→ WHAT TO PRODUCE
Begin at the line below that has "Sportowym akcentem rozpoczęły". Stop after the line that has "Geschliffene Scheibe aus", repeating each line exactly and leaving out the pictures.

→ DATA FOR THIS TASK
______

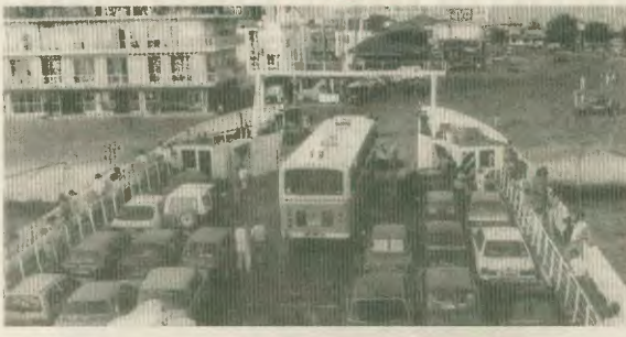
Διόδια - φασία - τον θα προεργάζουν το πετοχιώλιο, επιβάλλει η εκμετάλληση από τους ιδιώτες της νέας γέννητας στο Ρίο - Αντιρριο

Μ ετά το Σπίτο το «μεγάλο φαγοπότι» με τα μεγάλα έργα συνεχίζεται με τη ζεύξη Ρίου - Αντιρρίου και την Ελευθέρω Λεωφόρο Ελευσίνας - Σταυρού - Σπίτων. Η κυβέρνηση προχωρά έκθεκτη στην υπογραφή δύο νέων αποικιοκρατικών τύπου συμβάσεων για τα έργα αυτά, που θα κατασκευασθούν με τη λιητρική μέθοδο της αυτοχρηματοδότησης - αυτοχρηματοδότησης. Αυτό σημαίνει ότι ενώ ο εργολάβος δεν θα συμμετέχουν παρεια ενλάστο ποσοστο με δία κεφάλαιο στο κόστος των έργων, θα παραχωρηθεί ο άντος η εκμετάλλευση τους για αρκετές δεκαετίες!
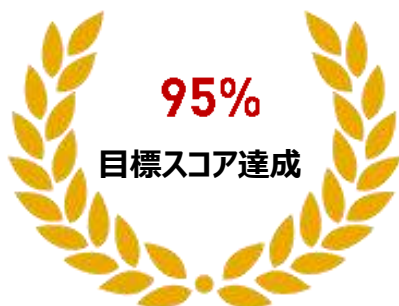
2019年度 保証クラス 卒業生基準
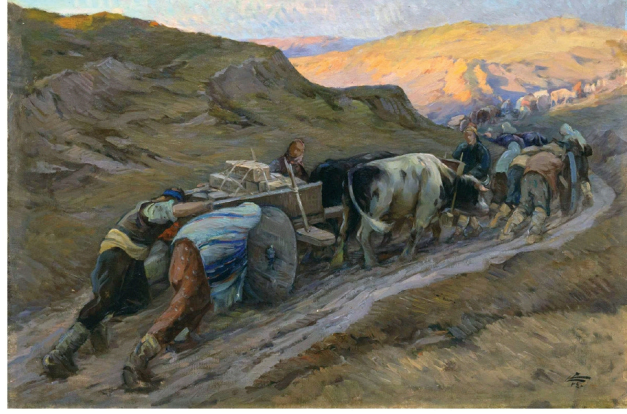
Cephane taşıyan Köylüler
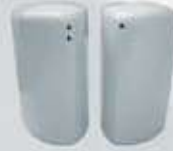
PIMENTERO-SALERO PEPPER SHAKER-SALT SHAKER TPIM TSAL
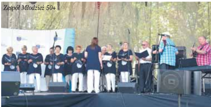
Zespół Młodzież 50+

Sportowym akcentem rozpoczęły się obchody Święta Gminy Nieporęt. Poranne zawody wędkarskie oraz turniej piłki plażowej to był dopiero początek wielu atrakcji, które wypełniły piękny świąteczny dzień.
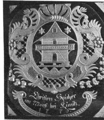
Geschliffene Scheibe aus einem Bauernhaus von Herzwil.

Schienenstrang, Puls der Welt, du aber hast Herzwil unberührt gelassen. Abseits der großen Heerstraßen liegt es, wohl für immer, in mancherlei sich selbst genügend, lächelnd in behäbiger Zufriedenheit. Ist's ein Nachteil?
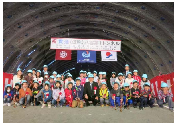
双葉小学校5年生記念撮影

______

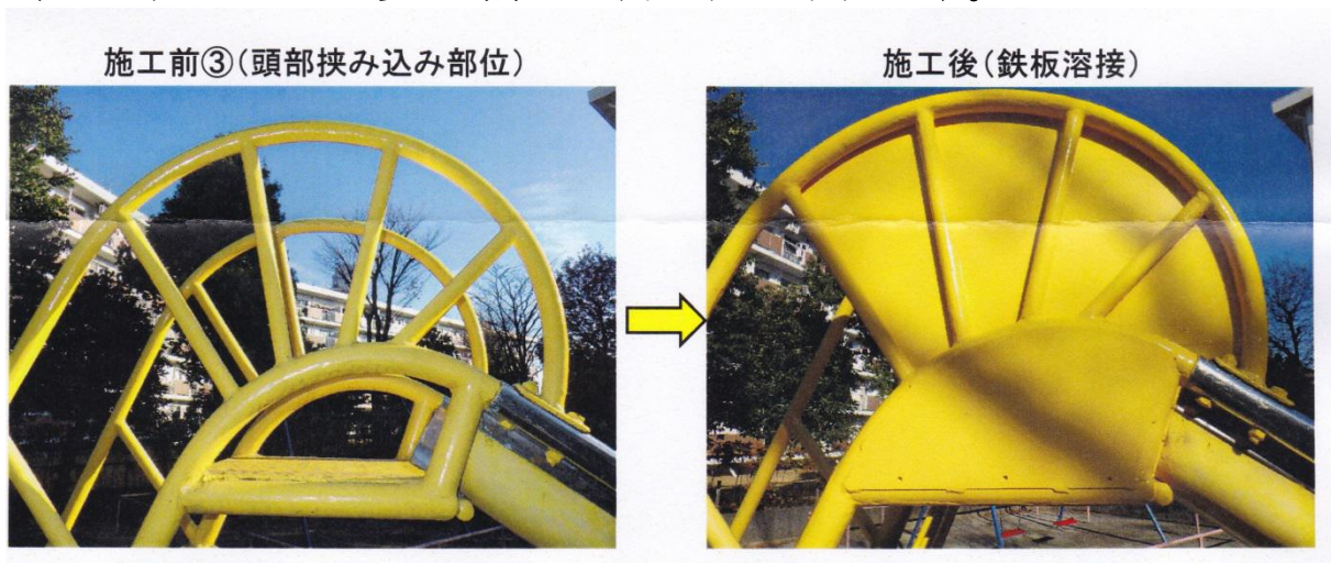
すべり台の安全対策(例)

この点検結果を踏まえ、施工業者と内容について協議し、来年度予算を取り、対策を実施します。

______

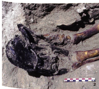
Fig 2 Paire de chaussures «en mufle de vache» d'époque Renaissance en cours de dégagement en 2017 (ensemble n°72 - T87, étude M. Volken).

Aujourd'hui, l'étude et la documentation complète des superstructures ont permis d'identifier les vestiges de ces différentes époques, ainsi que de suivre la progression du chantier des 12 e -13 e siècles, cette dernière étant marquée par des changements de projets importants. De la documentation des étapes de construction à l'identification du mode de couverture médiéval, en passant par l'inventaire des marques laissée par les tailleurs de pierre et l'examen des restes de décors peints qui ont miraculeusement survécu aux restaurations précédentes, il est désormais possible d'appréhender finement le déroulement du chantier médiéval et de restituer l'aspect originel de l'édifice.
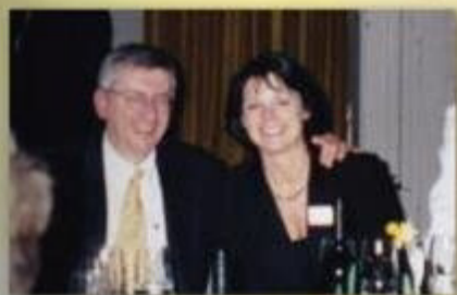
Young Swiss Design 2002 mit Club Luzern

______

→ YOUR RESPONSE
Sportowym akcentem rozpoczęły się obchody Święta Gminy Nieporęt. Poranne zawody wędkarskie oraz turniej piłki plażowej to był dopiero początek wielu atrakcji, które wypełniły piękny świąteczny dzień.
Geschliffene Scheibe aus einem Bauernhaus von Herzwil.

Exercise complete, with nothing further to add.